> it is annoying that the end of the list is always special. You can't just copy some line and move it there. Also when moving things around you always have to take extra care at the end.
You have simply moved the "special" entry to the beginning rather than the end.
Side remark: I've noticed that when it comes to code formatting and grammar it's almost like there are broadly two camps. There are some instances of code formatting that involve something "clever". Your example of leading commas above for example. Another example is code ligatures. It's as if there's a dividing line of taste here where one either feels delight at the clever twist, or the total opposite, rarely anything in between. I happen to dislike these kinds of things (and particularly loathe code ligatures) but it is often hard to justify exactly why beyond taste.
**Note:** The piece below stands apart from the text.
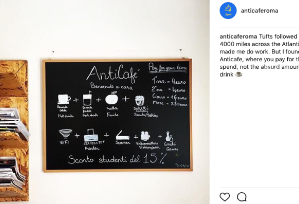Cosa ne pensate di un bar in cui è possibile consumare di tutto… gratis? Sì, di tutto: brioche, muffin, ciambelle, sandwich, pasticcini, caffè, tè, tisane… Questo bar esiste, si chiama Anticafè e si trova a Roma, nel quartiere di San Giovanni. I creatori di Anticafè si sono ispirati all’omonimo bar parigino che ha lanciato questa formula originale: tutto quel che si consuma è gratis. Si paga solo il tempo in cui si sta nel locale.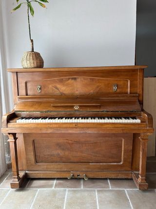 Muy buen estado y funcionamiento. Una joya. Creo que es del año 1914. Madera maciza nogal. Teclas marfil y ébano. Se regala banqueta antigua ajustable en altura. Rebajado de 1600 Negociable Venta en persona

Code ligature thing has something to do with just seeing the characters that are actually there rather than a smokescreen, which IMO impedes editability because I can't place the cursor half-way through a ligature and so on. But it's more than that -- you could fix those functional issues and I'll still dislike them.
> I can't place the cursor half-way through a ligature and so on.
That sounds like a bug in the editor. Ligatures are incredibly common font features even outside of programming, even sequences like fi are often ligatures.
How could this possibly be done for ligatures which don't maintain their horizontal position though? `!=` will usually be shown as an equals sign with a line through it right down the middle.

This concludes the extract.